C.F. Hathaway
- Type: Private
- Industry: Textiles, Clothing, Manufacturing
- Founded: 1853
- Founder: Charles Foster Hathaway
- Defunct: 2002
- Headquarters: United States

= C.F. Hathaway Company =

Defunct American manufacturing company

C. F. Hathaway Company was a manufacturer of shirts for men and boys, located in Waterville, Maine, United States. The company was in operation from 1853 to 2002.

== History ==
The company was founded by Charles Foster Hathaway. Its early history is unclear. Though often described as starting in 1837, there is little evidence of this date. It is well-documented that in 1848 Hathaway built a shirt factory with Josiah Tillson in Watertown, Massachusetts, his share of which he sold to Tillson for $900 on March 31, 1853. On April 1, 1853, he wrote in his diary that he had agreed to form a partnership with his brother George to create a factory in Waterville to be incorporated as C. F. Hathaway and Co. On May 18, 1853, he purchased an acre of land on Appleton Street for $900 from Samuel Appleton, which was the site of the Hathaway
Shirt Factory for more than one hundred years. On June 1, 1853, ground was broken for the shirt factory, and it was in full operation by the end of October. Employees worked 60 hours per week, from 7 a.m. to 6 p.m., six days a week, with an hour off at noon. It later made uniform shirts for Union soldiers during the American Civil War.

Hathaway is most famous for its "man with an eye patch" advertising campaign created by Ogilvy & Mather in 1951. Inspired by a picture of public servant Lewis Douglas, who had lost an eye in a fishing accident, David Ogilvy recruited Baron George Wrangell, a Russian aristocrat with 20/20 vision, to appear in the ads.
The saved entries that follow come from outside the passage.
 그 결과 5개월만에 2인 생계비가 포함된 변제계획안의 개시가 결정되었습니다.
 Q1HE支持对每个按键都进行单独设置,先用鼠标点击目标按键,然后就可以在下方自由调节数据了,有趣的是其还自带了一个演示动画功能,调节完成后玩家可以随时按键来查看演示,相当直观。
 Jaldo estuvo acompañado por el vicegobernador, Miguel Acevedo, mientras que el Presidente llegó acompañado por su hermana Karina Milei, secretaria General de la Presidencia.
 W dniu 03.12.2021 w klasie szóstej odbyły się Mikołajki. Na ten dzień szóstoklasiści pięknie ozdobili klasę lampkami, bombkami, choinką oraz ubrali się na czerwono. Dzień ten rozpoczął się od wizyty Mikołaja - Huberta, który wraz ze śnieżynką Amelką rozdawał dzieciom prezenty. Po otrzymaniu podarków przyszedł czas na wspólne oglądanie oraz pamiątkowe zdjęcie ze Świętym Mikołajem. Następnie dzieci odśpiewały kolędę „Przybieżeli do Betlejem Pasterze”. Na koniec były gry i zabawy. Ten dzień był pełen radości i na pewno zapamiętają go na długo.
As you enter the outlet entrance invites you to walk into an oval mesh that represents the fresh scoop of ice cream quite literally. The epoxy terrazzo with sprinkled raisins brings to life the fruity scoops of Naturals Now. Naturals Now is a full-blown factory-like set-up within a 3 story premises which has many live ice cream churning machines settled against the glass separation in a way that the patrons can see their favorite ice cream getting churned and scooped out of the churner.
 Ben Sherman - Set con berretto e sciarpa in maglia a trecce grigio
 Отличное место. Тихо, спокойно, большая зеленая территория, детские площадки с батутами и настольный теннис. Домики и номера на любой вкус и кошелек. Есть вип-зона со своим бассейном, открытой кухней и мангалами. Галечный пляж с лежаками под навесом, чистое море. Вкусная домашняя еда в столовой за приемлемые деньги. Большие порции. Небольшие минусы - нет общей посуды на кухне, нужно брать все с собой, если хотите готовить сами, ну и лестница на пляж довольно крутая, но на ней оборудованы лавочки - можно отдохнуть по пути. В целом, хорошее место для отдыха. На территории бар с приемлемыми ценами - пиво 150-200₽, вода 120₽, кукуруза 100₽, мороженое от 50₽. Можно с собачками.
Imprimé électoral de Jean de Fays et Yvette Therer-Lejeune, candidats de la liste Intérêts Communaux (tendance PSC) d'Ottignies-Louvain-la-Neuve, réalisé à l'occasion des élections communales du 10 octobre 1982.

The campaign portrayed the "Hathaway man" as sophisticated and elegant, with a lifetime of interesting experiences. The campaign was selected by Advertising Age as #22 on its list of the greatest ad campaigns of the 20th century.

C. F. Hathaway Company closed its Maine factory in 2002, making it the second to last major American shirt company to produce shirts in the United States. Only Gitman Bros in northeast Pennsylvania continued at that time.
==In popular culture==
The "Hathaway man" appeared in a 1993 sketch on Saturday Night Live, played by Phil Hartman.